Thursday, 25 Apr 2024

CDC is ‘conflating results of two different COVID tests and distorting metrics used by states in reopenings’ – The Sun

FIGURES from the Centers for Disease Control that states use to make decisions about reopening are useless, experts say.

The CDC has been conflating the results of viral and antibody tests, it confirmed to The Atlantic, distorting crucial data about the spread of COVID-19.

Ashish Jha, the K. T. Li Professor of Global Health at Harvard and the director of the Harvard Global Health Institute, said the situation is a “mistake” and a “mess”.

Viral tests are done by a nose swab or saliva sample to determine if a person is currently sick, while antibody tests are taken by a blood sample to see if they have ever had COVID-19.

Antibody tests tend to have a lower percent-positive rate than viral tests, Jha explained, because they are for the general population, while viral tests are for people showing symptoms or likely to have been exposed to COVID-19.

So combining the results of the two “will drive down your positive rate in a very dramatic way” and make the metrics “uninterpretable”.

“The viral testing is to understand how many people are getting infected, while antibody testing is like looking in the rearview mirror. The two tests are totally different signals.”
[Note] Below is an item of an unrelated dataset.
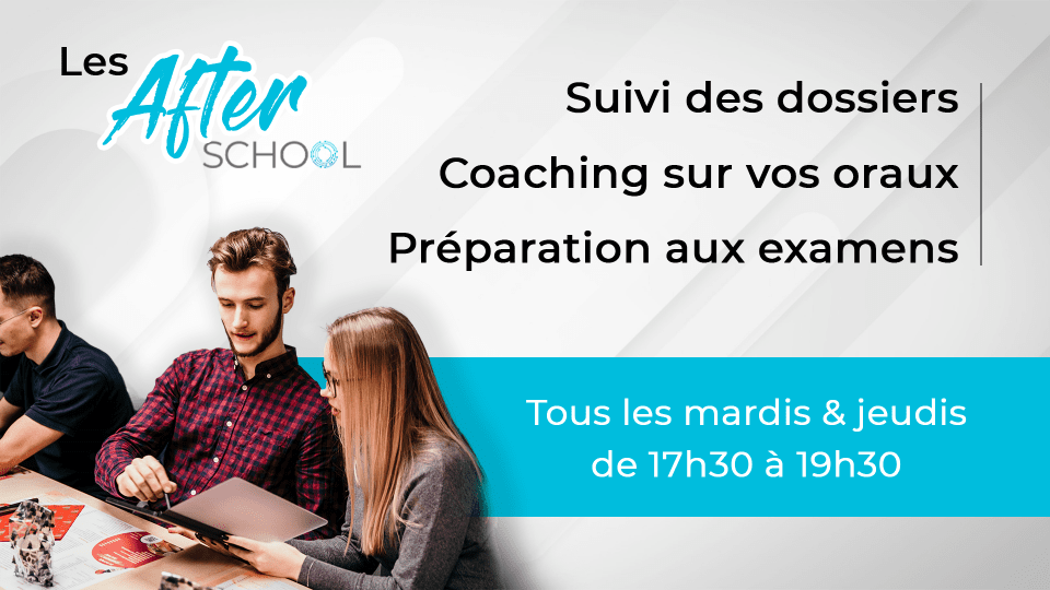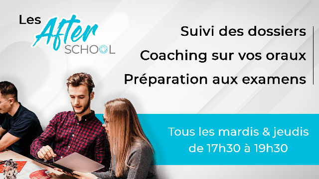 L'Afterschool est mis en place afin d'accompagner nos étudiants vers la réussite, avec des séances de coaching pour les oraux, des relectures approfondies des fiches/dossiers, et des conseils pour travailler la posture professionnelle.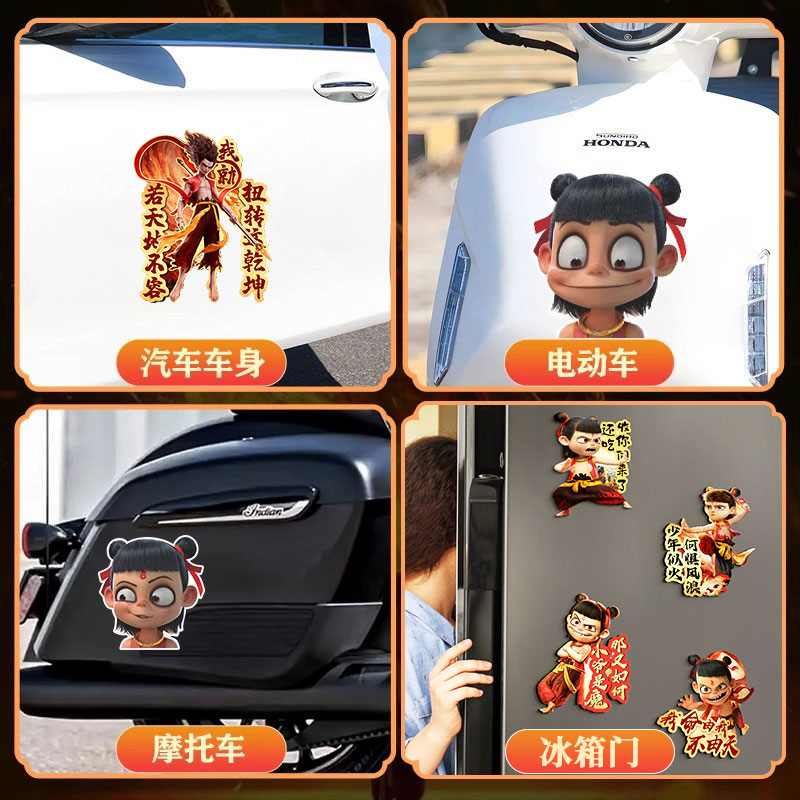 哪吒2磁吸车贴魔童闹海汽车贴纸磁性电动车划痕遮挡创意冰箱贴咤

It means many more Americans could be sick with the virus than the CDC says, and that governors could be in the dark as they make decisions about reopening.

Some, but not all, states are following the CDC’s lead and lumping the data from the two different tests together. Pennsylvania, Texas, Georgia and Vermont all confirmed to The Atlantic they were treating the results this way.

A spokesperson for the CDC told The Atlantic they would separate the two different metrics in the coming weeks.

It comes as all 50 states have eased restrictions, after stay-at-home orders were implemented across the US as the outbreak hit the US hard in March.